Financial instruments – Amortised cost and impairment

Date recorded:

The IASB staff held an education session with the FASB and FASB staff to update them on the feedback received through the comment letter process and the Expert Advisory Panel (EAP). The information the IASB staff provided to the FASB was the same as that presented to the IASB during the 23 July 2010 Board meeting.

The staff summary of the comment letter feedback highlighted the following themes:

  • there was strong support for movement towards an expected loss impairment approach
  • the expected cash flow approach in the ED is too difficult to apply operationally
  • certain measurement principles (e.g., use of probability weighted averages in the estimate of expected cash flows) are too prescriptive
  • there is a lack of consideration for non-financial entities which have primarily non-interest bearing financial instruments
  • the presentation and disclosure requirements are too onerous and voluminous
  • the materiality consideration of the practical expedients negate the practicality and the expediency
  • concern over lack of convergence, and
  • desire to re-expose based on revisions to original proposals.

During the staff discussion of the results of the EAP , the staff noted that the three most important issues for simplifications were:

  • use of estimated lifetime expected loss
  • decoupling of the contractual EIR calculation and expected losses calculation (e.g. by annuity approach or building block approach)
  • application of the guidance to open portfolios through using several possible approaches how to apply the guidance to 'good book' and 'bad book' portfolios.

The education session quickly turned its focus to the process for redeliberations taken by the two Boards.

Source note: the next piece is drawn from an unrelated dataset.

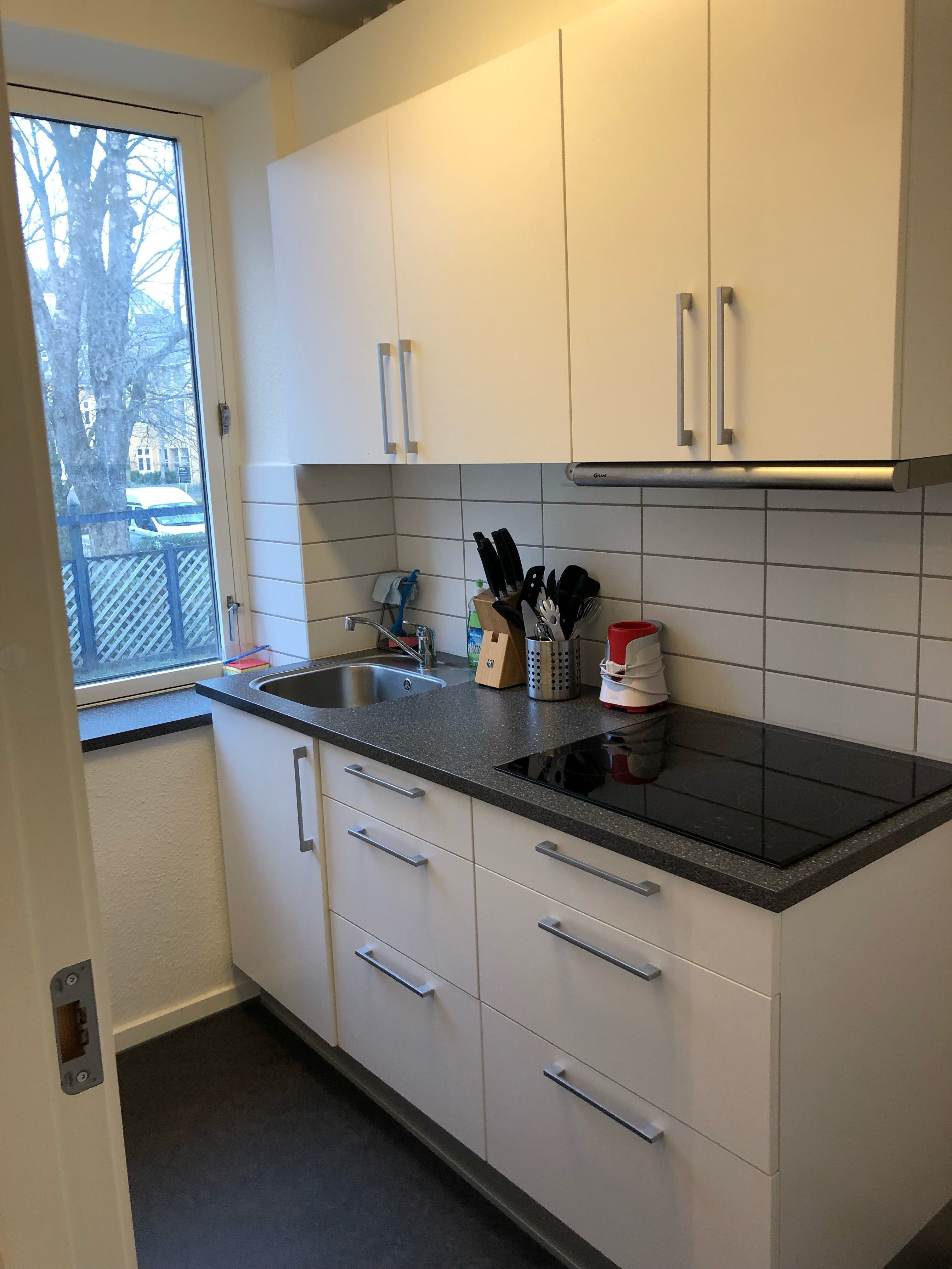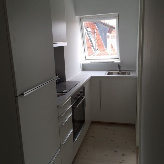 Lejligheden er indrettet med en lille entre med adgang til en rigtig stor stue. Herudover indeholder lejligheden et stort rummeligt soveværelse samt et køkken som er godt udnyttet, og hvor der er god bordplads. I køkkenet er der installeret:

Certain FASB Board members were highly critical of the IASB's decision to proceed with redeliberations and decision making, including already reconsidering areas where the Boards had diverging proposals, while the FASB exposure draft on financial instruments (including impairment) remains in the open comment period through 30 September 2010. The FASB Board members mentioned they receive feedback from their constituents that this project is the most critical joint project in which to reach a converged standard and that the IASB making fundamental decisions on the impairment model without input from either the FASB or FASB constituents impedes their ability to reach a converged solution.

The education session then moved to a discussion by the two Boards in which a better understanding of certain differences was identified, such as a fundamental difference exists in the definition of amortised cost under IFRS and U.S. GAAP.

The IASB staff then presented the FASB with the decision tree being utilised in the IASB redeliberation process. In discussing how to proceed going forward, one IASB Board member expressed his feeling that the education session had been fruitful and hoped that such efforts could continue even while the FASB is assessing the feedback it receives through its exposure draft. However, the IASB plans to continue its deliberations without adjusting or delaying their planned timeline.